### Requirement
Write out every record below exactly as it appears, omitting the pictures.

Dataset excerpts
* * * * * * *

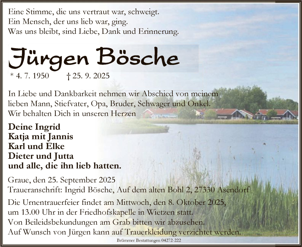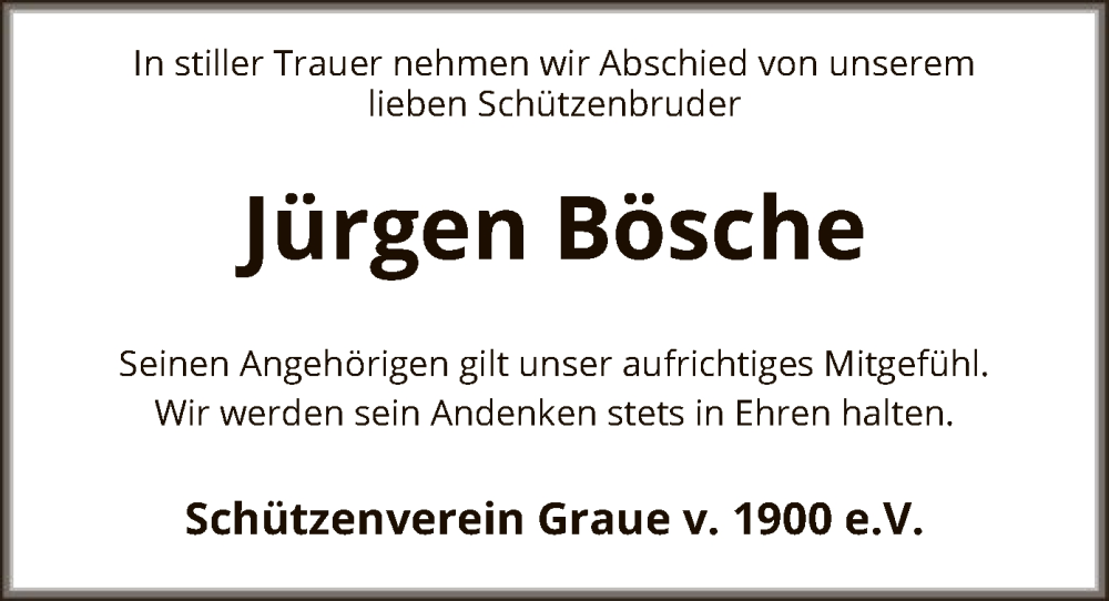 Hier finden Sie alle Traueranzeigen aus der Zeitung, die bisher für Jürgen Bösche erschienen sind. Weitere Traueranzeigen, die in der Zeitung erscheinen, werden hier ebenfalls aufgelistet
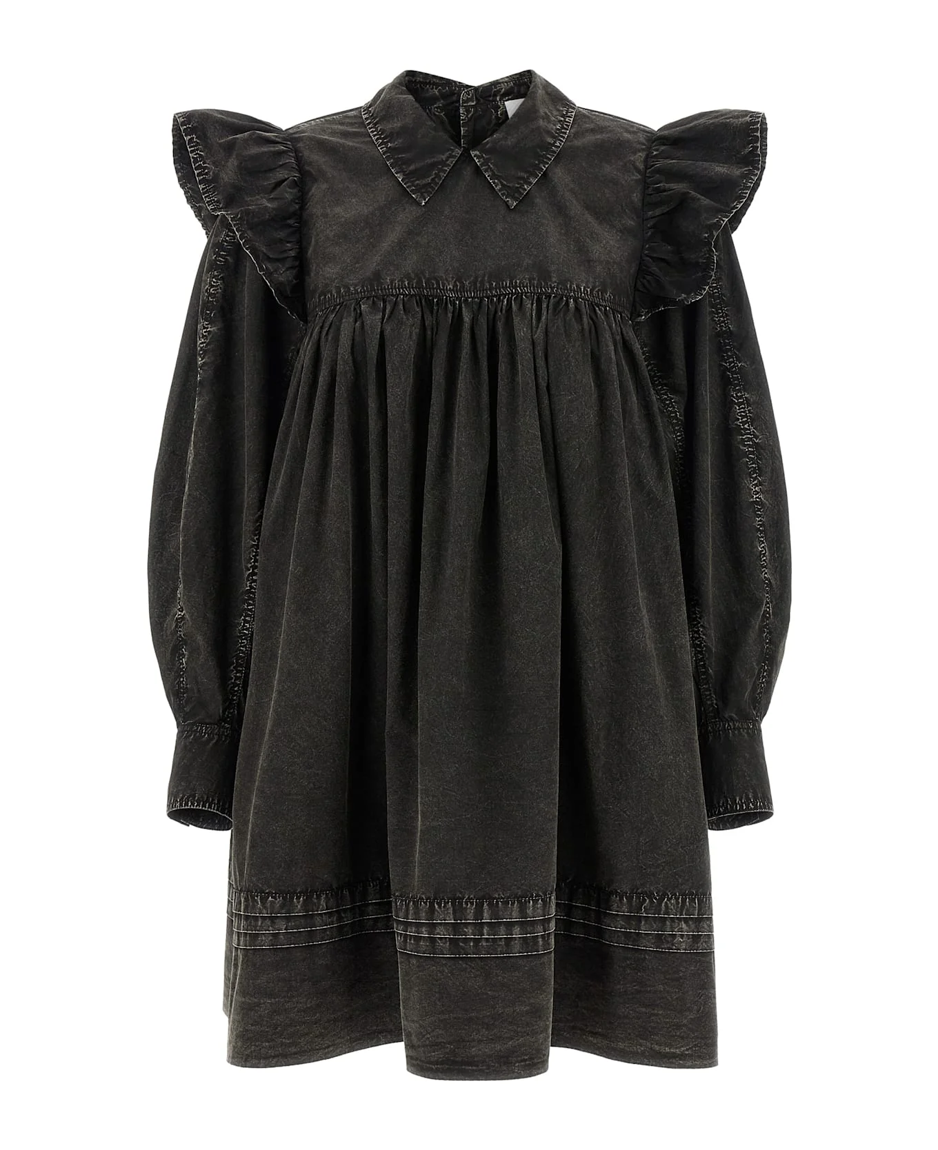 'Black Washed Mini Shirt' cotton dress with delave effect garment, shirt model with curls and mini flounces front and back, long wide sleeves with cuffs and maxi ruffles on the shoulder, back button closure, pockets, unlined. SUSTAINABLE: This product is made of organic cotton. Composition: 100% organic cotton Made in: India Color: Black Size and fit: - relaxed fit - EU size Model number: A1030125099
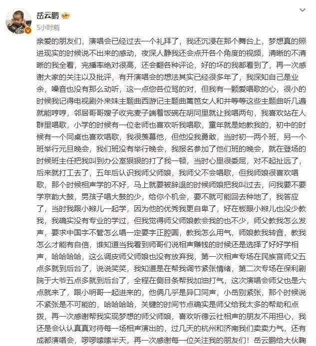 岳云鹏有了信心,才在第一次开演唱会之后,不管别人骂的有多难听,近期又开始开演唱会。
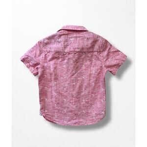 Woven salmon-colored short sleeve button down shirt from Denim & Flower in kids’ size 4. Features a tiny palm trees print, white and navy striped accents, and is 60% cotton/40% lyocell. In excellent pre-owned condition.
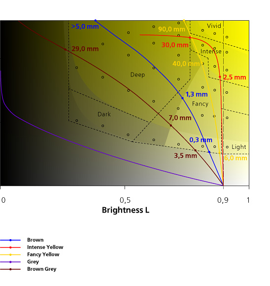 A good colored diamond should have both high brightness and saturation. On the Brightness/Saturation diagram of the fixed yellow hue one can see yellow colors of different brightness and saturation. These colors are tending to be near the upper right corner.
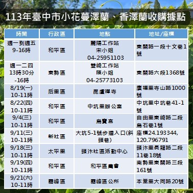 臺中分署表示,為降低入侵植物的危害,已在東勢區雙崎工作站及和平區麗陽工作站設置小花蔓澤蘭及香澤蘭常駐收購點,全年皆有收購服務,為服務臺中其他區域民眾,今年更加開場次,分別於8月19日后里區毘盧禪寺、8月22日和平區中坑里辧公室、9月4日和平區烏寶宮、9月11日新社區大坑5-1步道入口、9月18日太平區頭汴社區活動中心、9月19日和平區農會及霧峰區公所9月21日上午10點至11點加開收購場次,請民眾詳閱各收購點的時間地點,以免撲空。
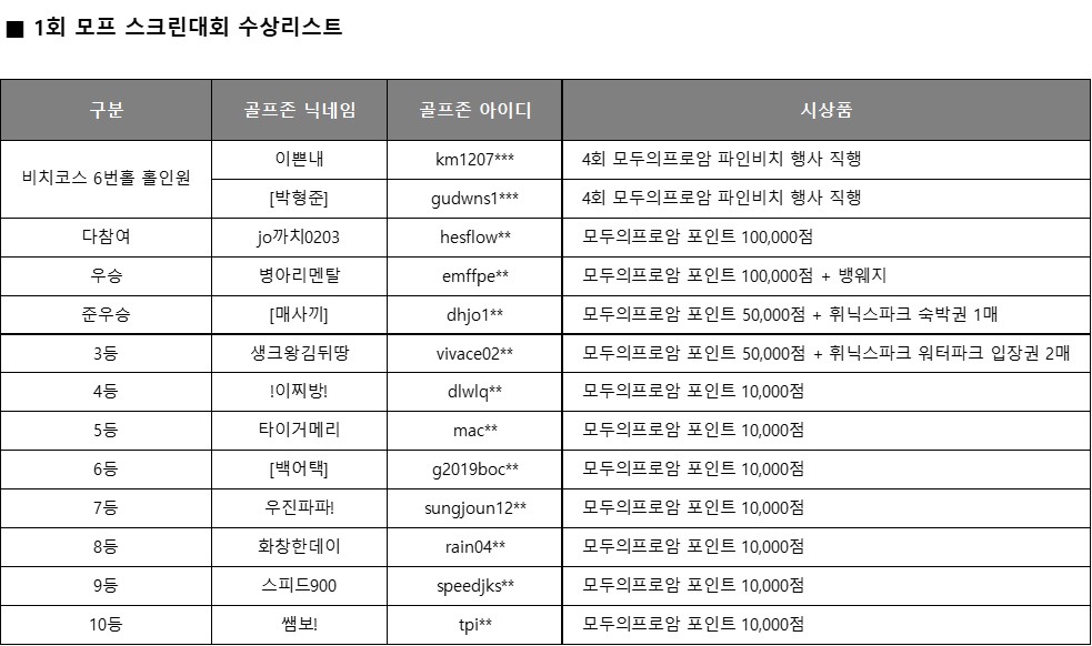 모두의프로암 운영진입니다~^^ 회원님들의 열화와 같은 성원 속에, 제1회 모프 스크린대회가 성료하였습니다. 첫 대회였지만, 많은 의미가 있었던 대회라고 여겨집니다. 무엇보다도 비치코스 6번홀 홀인원 2분이 모두 나왔다는 점은 운영진입장에서 너무 즐겁고 기쁜 일인 것 같습니다. 대회 리뷰는 다시 드리도록하고, 수상리스트를 발표하도록 하겠습니다. 본 리스트의 골프존 닉네임과 아이디입니다. 수상되신 회원분들께서는 하기 메일로 본인 인증을 위한 내용을 전달해주시기 바랍니다. ■ 모두의프로암 운영메일 help@proam.kr ■ 메일 첨부내용 1. 골프존 App MY 페이지 캡쳐 - "닉네임", "아이디"가 확인필요 2. 모두의프로암 프로필 캡쳐 - 회원님 이름, 연락처 확인필요 3. 이름 4. 연락처
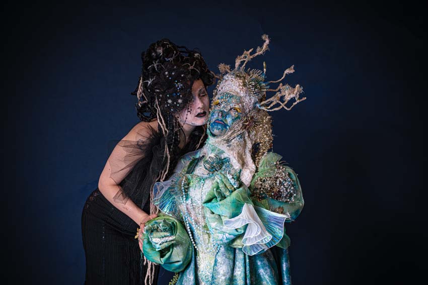 Vous l’aurez compris Marie Ausina n’est pas une coiffeuse comme les autres. Elle nous explique : « Je suis à la base plasticienne, costumière et performeuse. J’ai fait des études d’arts appliqués dans la mode à Paris. Le métier de la coiffure est venu plus tard avec l’envie d’apporter un soin à la personne. Mon imaginaire m’a toujours poussée à créer et incarner des créatures fantasmagoriques que je fabrique avec des éléments que je chine, des tissus anciens, des matériaux détournés. » Ses créatures racontent des histoires visuelles et émotionnelles par leur présence, leurs mouvements et les scénographies.
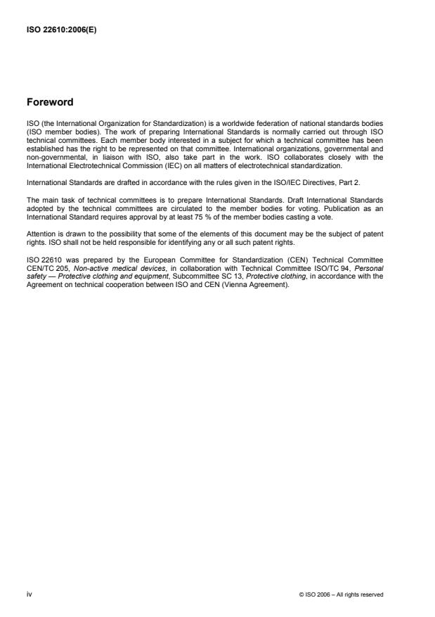 ISO 22610:2006 is classified under the following ICS (International Classification for Standards) categories: 13.340.10 - Protective clothing. The ICS classification helps identify the subject area and facilitates finding related standards.
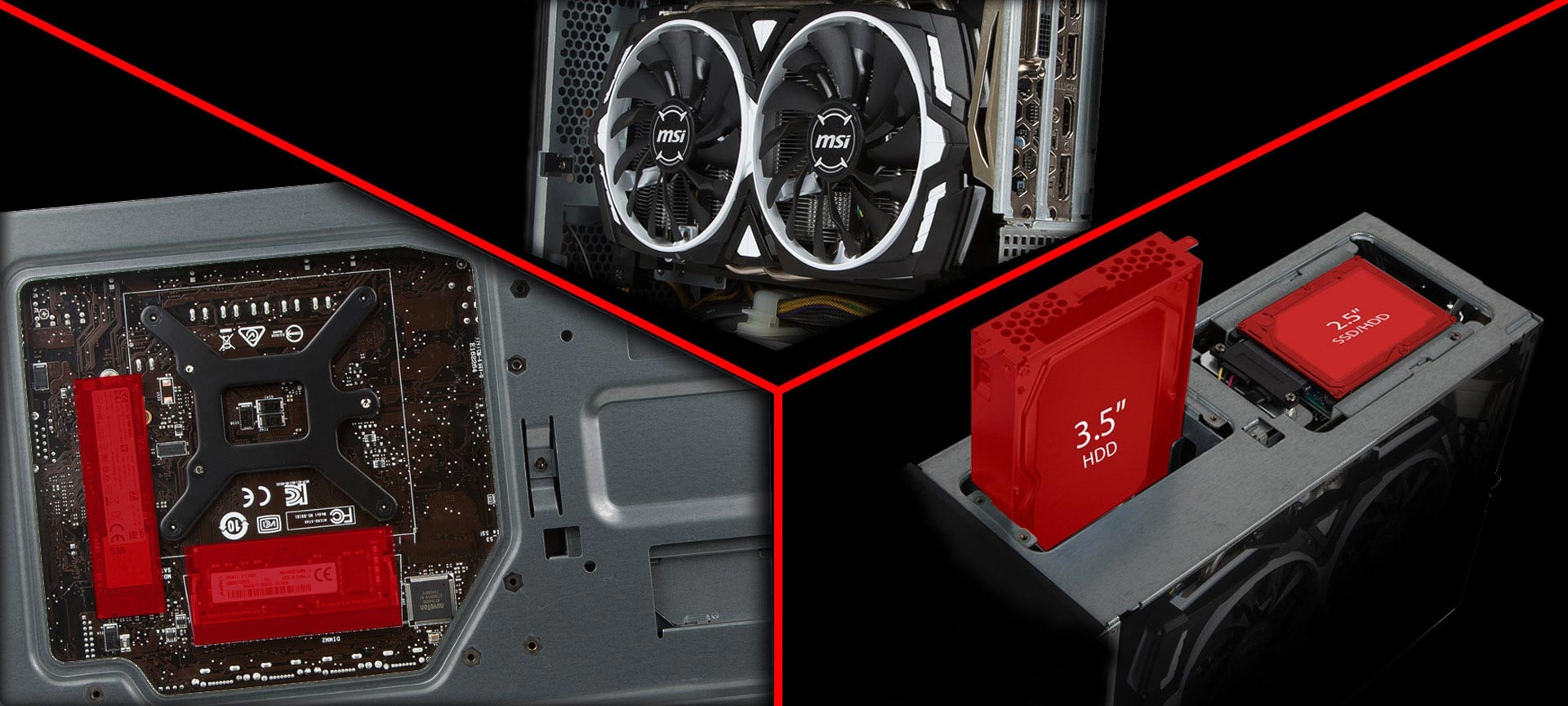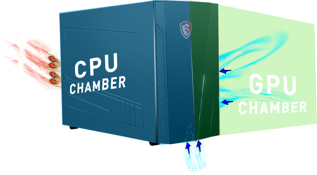 為了獲得傑出的效能表現,微星電競桌機擁有獨家設計的寂靜風暴冷卻系統, 寂靜風暴冷卻系統擁有分離氣室,單獨處理系統中的不同零組件, 獨特的設計可確保系統的溫度保持最佳的狀態。
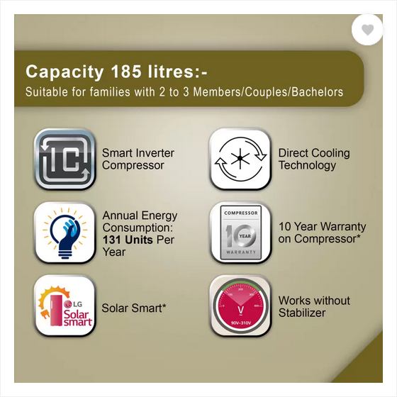 Refrigerator Fresh Food Capacity | 171 Litres |

* * * * * * *

### Output for this exercise
 Hier finden Sie alle Traueranzeigen aus der Zeitung, die bisher für Jürgen Bösche erschienen sind. Weitere Traueranzeigen, die in der Zeitung erscheinen, werden hier ebenfalls aufgelistet
 'Black Washed Mini Shirt' cotton dress with delave effect garment, shirt model with curls and mini flounces front and back, long wide sleeves with cuffs and maxi ruffles on the shoulder, back button closure, pockets, unlined. SUSTAINABLE: This product is made of organic cotton. Composition: 100% organic cotton Made in: India Color: Black Size and fit: - relaxed fit - EU size Model number: A1030125099
 岳云鹏有了信心,才在第一次开演唱会之后,不管别人骂的有多难听,近期又开始开演唱会。
 Woven salmon-colored short sleeve button down shirt from Denim & Flower in kids’ size 4. Features a tiny palm trees print, white and navy striped accents, and is 60% cotton/40% lyocell. In excellent pre-owned condition.
 A good colored diamond should have both high brightness and saturation. On the Brightness/Saturation diagram of the fixed yellow hue one can see yellow colors of different brightness and saturation. These colors are tending to be near the upper right corner.
 臺中分署表示,為降低入侵植物的危害,已在東勢區雙崎工作站及和平區麗陽工作站設置小花蔓澤蘭及香澤蘭常駐收購點,全年皆有收購服務,為服務臺中其他區域民眾,今年更加開場次,分別於8月19日后里區毘盧禪寺、8月22日和平區中坑里辧公室、9月4日和平區烏寶宮、9月11日新社區大坑5-1步道入口、9月18日太平區頭汴社區活動中心、9月19日和平區農會及霧峰區公所9月21日上午10點至11點加開收購場次,請民眾詳閱各收購點的時間地點,以免撲空。
 모두의프로암 운영진입니다~^^ 회원님들의 열화와 같은 성원 속에, 제1회 모프 스크린대회가 성료하였습니다. 첫 대회였지만, 많은 의미가 있었던 대회라고 여겨집니다. 무엇보다도 비치코스 6번홀 홀인원 2분이 모두 나왔다는 점은 운영진입장에서 너무 즐겁고 기쁜 일인 것 같습니다. 대회 리뷰는 다시 드리도록하고, 수상리스트를 발표하도록 하겠습니다. 본 리스트의 골프존 닉네임과 아이디입니다. 수상되신 회원분들께서는 하기 메일로 본인 인증을 위한 내용을 전달해주시기 바랍니다. ■ 모두의프로암 운영메일 help@proam.kr ■ 메일 첨부내용 1. 골프존 App MY 페이지 캡쳐 - "닉네임", "아이디"가 확인필요 2. 모두의프로암 프로필 캡쳐 - 회원님 이름, 연락처 확인필요 3. 이름 4. 연락처
 Vous l’aurez compris Marie Ausina n’est pas une coiffeuse comme les autres. Elle nous explique : « Je suis à la base plasticienne, costumière et performeuse. J’ai fait des études d’arts appliqués dans la mode à Paris. Le métier de la coiffure est venu plus tard avec l’envie d’apporter un soin à la personne. Mon imaginaire m’a toujours poussée à créer et incarner des créatures fantasmagoriques que je fabrique avec des éléments que je chine, des tissus anciens, des matériaux détournés. » Ses créatures racontent des histoires visuelles et émotionnelles par leur présence, leurs mouvements et les scénographies.
 ISO 22610:2006 is classified under the following ICS (International Classification for Standards) categories: 13.340.10 - Protective clothing. The ICS classification helps identify the subject area and facilitates finding related standards.
 為了獲得傑出的效能表現,微星電競桌機擁有獨家設計的寂靜風暴冷卻系統, 寂靜風暴冷卻系統擁有分離氣室,單獨處理系統中的不同零組件, 獨特的設計可確保系統的溫度保持最佳的狀態。
 Refrigerator Fresh Food Capacity | 171 Litres |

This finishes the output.